- Ethoxyresorufin-O-deethylase (EROD) and vitellogenin (VTG) in flounder (Platichthys flesus): system interaction, crosstalk and implications for monitoring.
Ethoxyresorufin-O-deethylase (EROD) and vitellogenin (VTG) in flounder (Platichthys flesus): system interaction, crosstalk and implications for monitoring.

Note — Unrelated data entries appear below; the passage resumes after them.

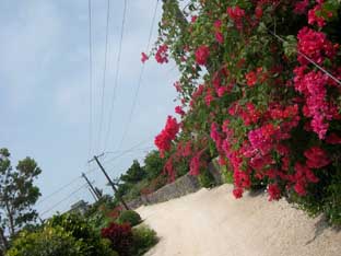 写真は竹富でも一番、ブーゲンビリアの美しい道で撮ったものです。
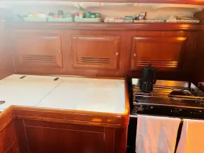 To starboard is Apoena´s large L-shaped galley. Wide Corian countertops with teak fiddles allow for extravagant preparations in this well-conceived space. At the forward inboard end is a deep two bin stainless sink set below the countertop. A glass splash guard divides the forward end of the sink from the settee. Below the inboard end of the counter are two drawers and a large locker. Aft below the inboard leg of the counter are a narrow locker with spice rack and bottle storage, and a large hinged trash locker beneath the sink. The top loading freezer and front loading fridge are located at the forward end of the counter along the hull side. Just aft is the two burner stove/oven with stainless crash bar. There is a locker for pots and pans beneath the stove. Aft of the stove is a large counter space with a locker with shelves below.
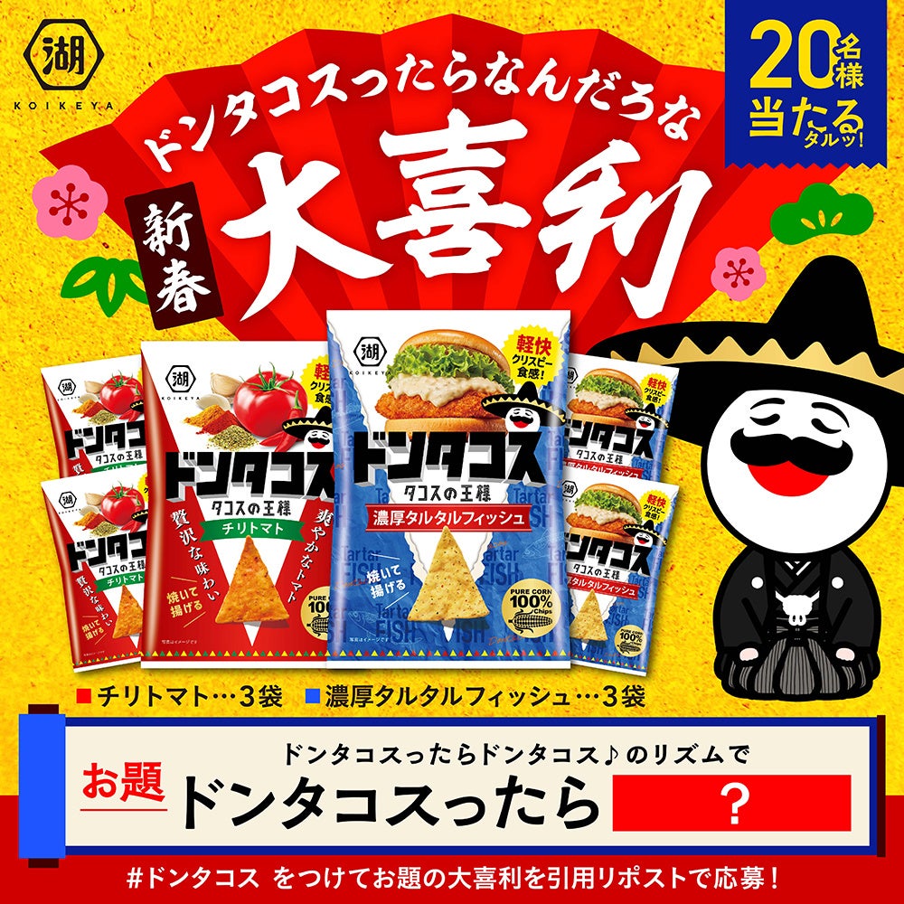 コイケヤ【公式】(@koikeya_cp)をフォローしていただいた上で、【#ドンタコス】のハッシュタグをつけて、「ドンタコスったら〇〇」に当てはまる言葉を自由に考えて、お題の大喜利を引用リポストしてください。
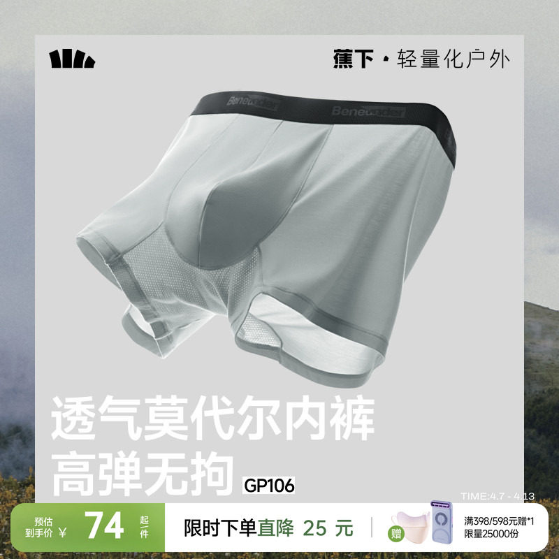 蕉下男士肤感莫代尔内裤透气平角短裤头抗菌不卡裆防夹臀四角内裤
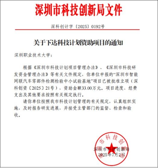 7月2日,接深圳市科技创新局通知,我校申报的深圳市中小试基地“深圳市智能网联汽车零部件检测检验中小试验基地”正式获批立项。
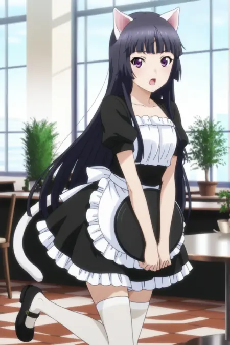 outfit_3, 猫娘,猫耳,女仆,荷叶边裙子,蓬松短袖,女仆围裙,绝对领域,白色长袜,猫尾,白色尾巴,玛丽珍鞋,黑色鞋履,
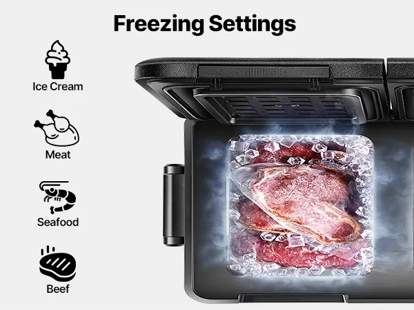 -18℃ ~ 10℃ Dual Temperature Control: The car refrigerator offers an expanded temperature range of -18℃ to 10℃, with both freezing (-18℃ to 0℃) and refrigeration (0℃ to 10℃) functions. The dual-zone, dual-temperature design allows you to freeze and refrigerate simultaneously. You can adjust the temperature for each zone to meet your food storage needs, ensuring food preservation and supply during your trip.

The extent to which biological systems interact in fish from multi-contaminant areas needs to be understood for full interpretation of monitoring data. This study investigates the interaction between two biomarkers, ethoxyresorufin-O-deethylase (EROD) activity and plasma vitellogenin (VTG) in the European flounder (Platichthys flesus). Flounder were exposed to several waterborne EROD inducers and estrogenic chemicals on their own and in binary combinations. Each experimental exposure was for 10 days. The estrogenic chemicals suppressed PAH-mediated EROD induction. Ethynylestradiol (EE2) and nonylphenol (NP) had threshold concentrations of EROD inhibition similar to those at which they induced VTG production. Estradiol (E2), however, showed an ability to suppress EROD at a concentration much lower than that at which VTG was induced. This established that, although EE2 is a more potent VTG inducer than E2, it is less potent in its ability to inhibit EROD activity. The PAH, dibenz[a,h]anthracene (DbA), showed no effect on the VTG induction caused by EE2 and E2. A small effect was noted with NP at threshold concentrations for VTG induction. Archived data on flounder hepatic EROD activity collected during estuarine monitoring were reassessed in light of the project findings. It is hypothesised that published EROD monitoring data may be an underestimation of effects if it is assumed that estrogen-mediated MFO suppression is occurring in wild populations. A greater understanding of system interaction and other factors, including genetics, that influence biomarker response to contaminants would be required to interpret biomarker monitoring data.